昔の彼氏に冷めた瞬間は、月の満ち欠けの原理を知らなかったからだった。

月って、真っ暗ななかに一際輝きながら浮いていて、1日たりとも同じ形をしていない。

満月の日は、暗闇のなかでより一層の存在感と、なのに派手すぎないシンプルな銀色を灯していて、それがとにかく、とても綺麗だと思う。

満月の夜は、殺人事件が多いらしい。

満月の夜は、出産率が多いらしい。

本当かどうかは分からないけど、月は確かに私たち人間の中にある何かを刺激するような存在だってことじゃないか。

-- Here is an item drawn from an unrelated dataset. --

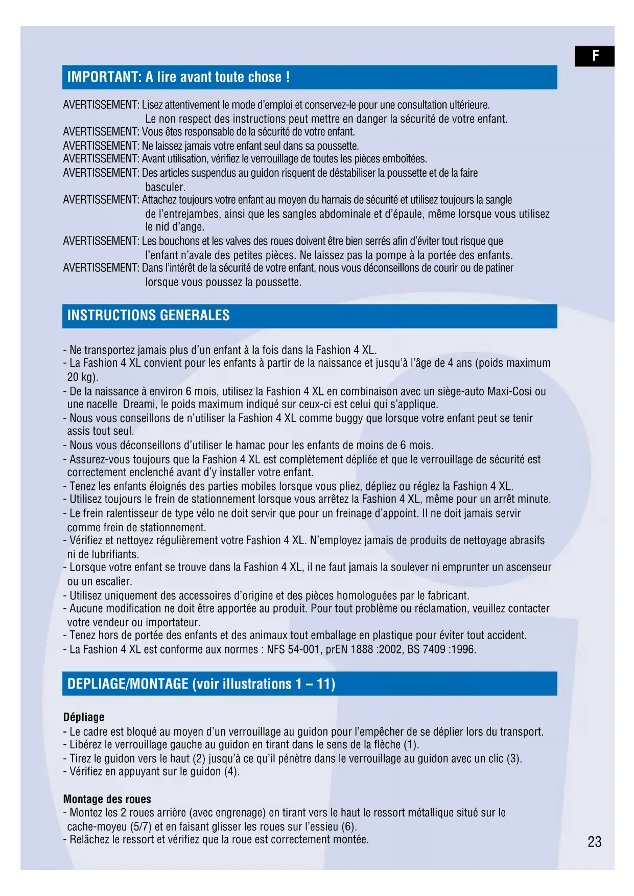 lorsque vous poussez la poussette. INSTRUCTIONS GENERALES - Ne transportez jamais plus d’un enfant à la fois dans la Fashion 4 XL. - La Fashion 4 XL convient pour les enfants à partir de la naissance et jusqu’à l’âge de 4 ans (poids maximum 20 kg). - De la naissance à environ 6 mois, utilisez la Fashion 4 XL en combinaison avec un siège-auto Maxi-Cosi ou une nacelle Dreami, le poids maximum indiqué sur ceux-ci est celui qui s’applique. - Nous vous conseillons de n’utiliser la Fashion 4 XL comme buggy que lorsque votre enfant peut se tenir assis tout seul. - Nous vous déconseillons d’utiliser le hamac pour les enfants de moins de 6 mois. - Assurez-vous toujours que la Fashion 4 XL est complètement dépliée et que le verrouillage de sécurité est correctement enclenché avant d’y installer votre enfant. - Tenez les enfants éloignés des parties mobiles lorsque vous pliez, dépliez ou réglez la Fashion 4 XL. - Utilisez toujours le frein de stationnement lorsque vous arrêtez la Fashion 4 XL, même pour un arrêt minute. - Le frein ralentisseur de type vélo ne doit servir que pour un freinage d’appoint. Il ne doit jamais servir comme frein de stationnement. - Vérifiez et nettoyez régulièrement votre Fashion 4 XL. N’employez jamais de produits de nettoyage abrasifs ni de lubrifiants. - Lorsque votre enfant se trouve dans la Fashion 4 XL, il ne faut jamais la soulever ni emprunter un ascenseur ou un escalier. - Utilisez uniquement des accessoires d’origine et des pièces homologuées par le fabricant. - Aucune modification ne doit être apportée au produit. Pour tout problème ou réclamation, veuillez contacter votre vendeur ou importateur. - Tenez hors de portée des enfants et des animaux tout emballage en plastique pour éviter tout accident. - La Fashion 4 XL est conforme aux normes : NFS 54-001, prEN 1888 :2002, BS 7409 :1996. DEPLIAGE/MONTAGE (voir illustrations 1 – 11) Dépliage - Le cadre est bloqué au moyen d’un verrouillage au guidon pour l’empêcher de se déplier lors du transport. - Libérez le verrouillage gauche au guidon en tirant dans le sens de la flèche (1). - Tirez le guidon vers le haut (2) jusqu’à ce qu’il pénètre dans le verrouillage au guidon avec un clic (3). - Vérifiez en appuyant sur le guidon (4). Montage des roues - Montez les 2 roues arrière (avec engrenage) en tirant vers le haut le ressort métallique situé sur le cache-moyeu (5/7) et en faisant glisser les roues sur l’essieu (6). - Relâchez le ressort et vérifiez que la roue est correctement montée.F - Si la roue ne glisse pas complètement sur l’essieu, poussez vers le bas la barre de frein du guidon. - Montez les roues avant. - Vérifiez la pression des pneus et gonflez-les si nécessaire (vous trouverez la pression maximum des pneus dans la section entretien). Démontage des roues - Démontez les roues arrière en tirant vers le haut le ressort métallique situé sur le cache-moyeu (5/7) et en retirant les roues de l’essieu (8). Fixation du guidon - Faites glisser le guidon muni de sa barre de frein sur l’extrémité des montants du châssis ; enfoncez les deux loquets à ressort et assurez-vous qu’ils s’enclenchent parfaitement (vous devrez entendre un clic) dans la partie du guidon en plastique noir. - Assurez-vous que les câbles de frein ne sont pas tordus et qu’ils sont bien parallèles au guidon. - Réglez le guidon dans la position souhaitée en poussant simultanément sur les deux boutons de réglage de chaque côté (4.1-4.2). Pliage - Repliez le pare-soleil (voir “Montage/démontage du pare-soleil”). - Placez le dossier du hamac en position inclinée (voir “Réglage du dossier”). - Placez le repose-pieds en position haute (voir “Repose-pieds”). - Repoussez le bloque-châssis sur la manette de verrouillage du montant droit du guidon (9). - Tirez vers le haut les manettes de verrouillages des montants gauche et droit du guidon et poussez le guidon vers l’avant pour replier la Fashion 4 XL (10). - Assurez-vous que le système de verrouillage du guidon s’enclenche bien dans le système de verrouillage permettant de faciliter le transport (vous devrez entendre un clic) (11). - Pour un encombrement minimum, retirez les roues et le hamac (voir “Fixation du hamac”). FREIN DE STATIONNEMENT (voir illustration 12) Utilisez toujours ce frein pour arrêter la Fashion 4 XL, même pour un arrêt minute. - La Fashion 4 XL est équipée d’un frein de stationnement automatique. Pour freiner, relâchez la barre de frein (12) sur le guidon. Pour rouler, maintenez enfoncée la barre de frein. Le frein de stationnement s’enclenche lorsque vous relâchez la barre de frein. - IL NE FAUT JAMAIS rien accrocher à la barre de frein. Cela relâcherait les freins et la sécurité de la Fashion 4 XL ne serait plus assurée. Le frein à main ne sert que comme ralentisseur et ne doit pas être utilisé comme frein de stationnement. Vérifiez toujours que les roues sont bloquées. UTILISATION Utilisation avec la nacelle Dreami (jusqu’à 9 kg) et le siège-auto Maxi-Cosi (jusqu’à 13 kg) (voir illustrations 13 – 19) Fixation des adaptateurs - Retirez d’abord les caches-adaptateurs en déplaçant vers l’extérieur le bouton rouge sous les connecteurs des adaptateurs, et en poussant les caches vers le haut (13). - Faites glisser l’adaptateur A dans le côté droit du logement et l’adaptateur B dans le côté gauche du logement. - Continuez à les faire glisser jusqu’à entendre un clic (14). - Vérifiez que les adaptateurs sont bien en place. 24F

だからわたしは、当時の彼氏が、そんな月に対してなんの関心も抱かないのがなんとなく嫌だった。

その価値観が理解できなかった。

そんなの知らないと言われた瞬間に、この人とは将来一緒にいても楽しくないなと思ってしまった。

恋愛の解れって、そういう些細なところからだと思う。

でもなんとなく、そのカンのようなものは当たっている。

心の中の本能が、この人じゃないって呟く瞬間。

私はこれからも、月の綺麗さについて話ができるような人に惹かれるし、

夜道で不意に空を見上げるような人と、結婚したいなと思う。